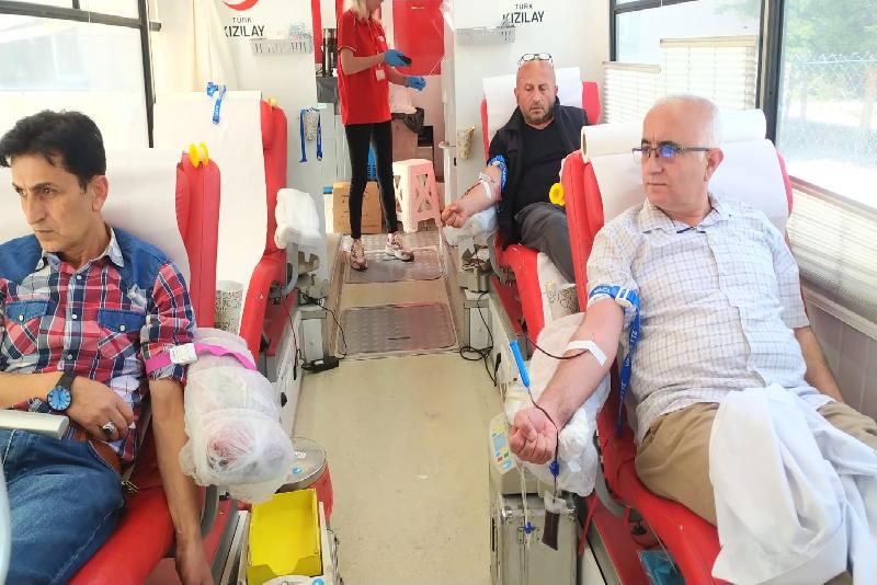 Kent genelinde görev yapan öğretmen ve öğrenci velileri, Bahçeleriçi Şehit Recep Gülen İlkokulu bahçesinde konuşlandırılan Türk Kızılay aracında kan bağışında bulundu.
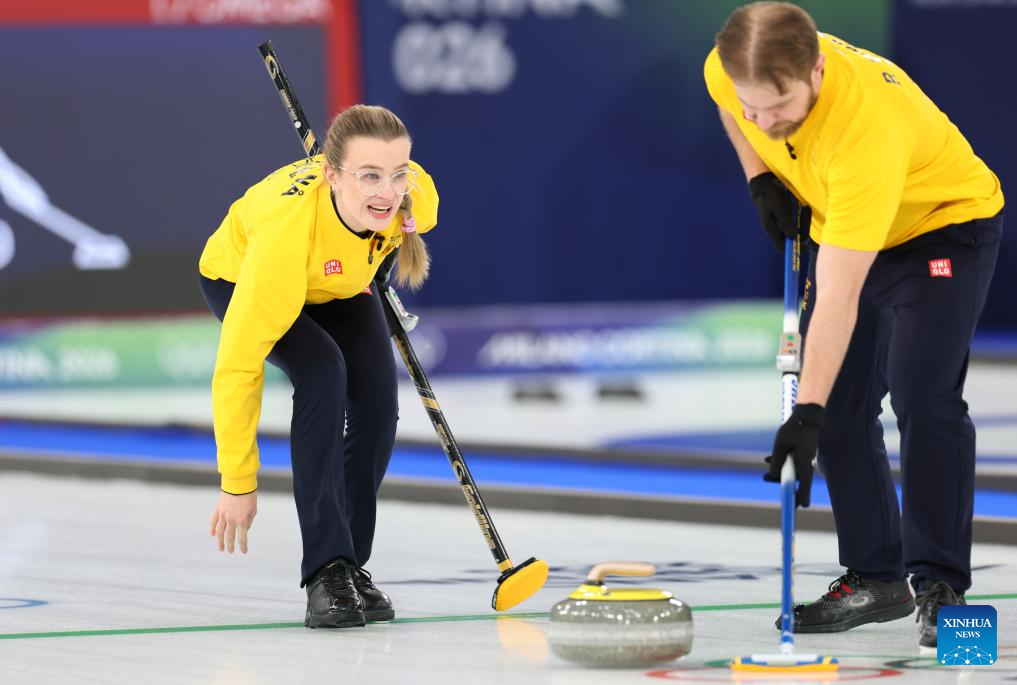 Rasmus Wranaa (R) and Isabella Wranaa of Sweden competes during the curling mixed doubles semi-final between Britain and Sweden at the Milan-Cortina 2026 Olympic Winter Games in Cortina, Italy, Feb. 9, 2026. (Xinhua/Ding Xu)
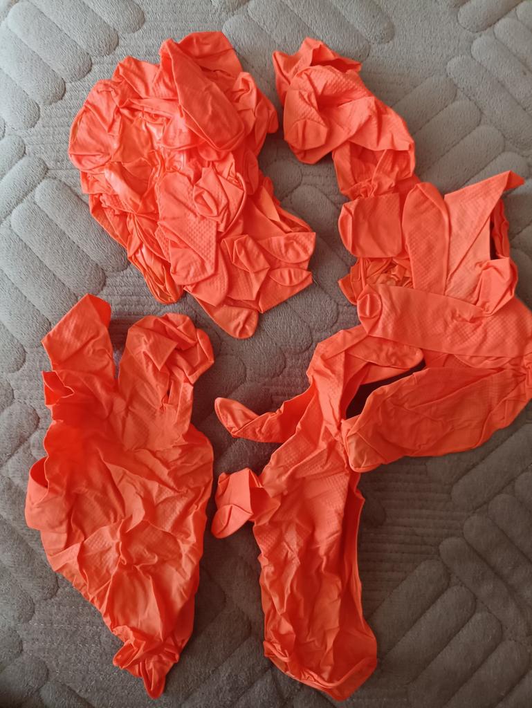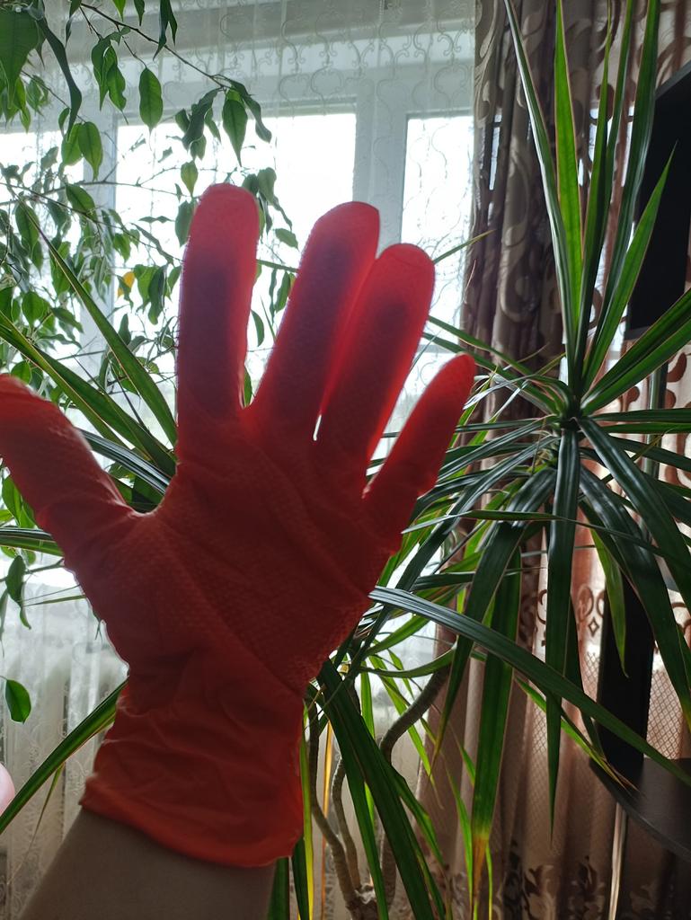 Спасибо за доставку! Товар пришёл в сборной посылке, что очень удобно. Заказала второй раз, про запас, чтобы были, так как качественные перчатки, тонкие, но ооочень крепкие. Для работы в огороде сначала одеваю тонкие тканевые перчатки (смотреть фото), а сверху эти резиновые. Очень удобно, когда нужно быстро снять резиновую перчатку, да и руки так не потеют. Заказывала самый маленький размер, но они мне великоваты, на фото видно. А с тканевыми перчатками боле менее сидят. К покупке рекомендую! 👍👍👍

**Action item**
The task calls for duplicating the data exactly, with no images kept.

**Response**
 Kent genelinde görev yapan öğretmen ve öğrenci velileri, Bahçeleriçi Şehit Recep Gülen İlkokulu bahçesinde konuşlandırılan Türk Kızılay aracında kan bağışında bulundu.
 Rasmus Wranaa (R) and Isabella Wranaa of Sweden competes during the curling mixed doubles semi-final between Britain and Sweden at the Milan-Cortina 2026 Olympic Winter Games in Cortina, Italy, Feb. 9, 2026. (Xinhua/Ding Xu)
 Спасибо за доставку! Товар пришёл в сборной посылке, что очень удобно. Заказала второй раз, про запас, чтобы были, так как качественные перчатки, тонкие, но ооочень крепкие. Для работы в огороде сначала одеваю тонкие тканевые перчатки (смотреть фото), а сверху эти резиновые. Очень удобно, когда нужно быстро снять резиновую перчатку, да и руки так не потеют. Заказывала самый маленький размер, но они мне великоваты, на фото видно. А с тканевыми перчатками боле менее сидят. К покупке рекомендую! 👍👍👍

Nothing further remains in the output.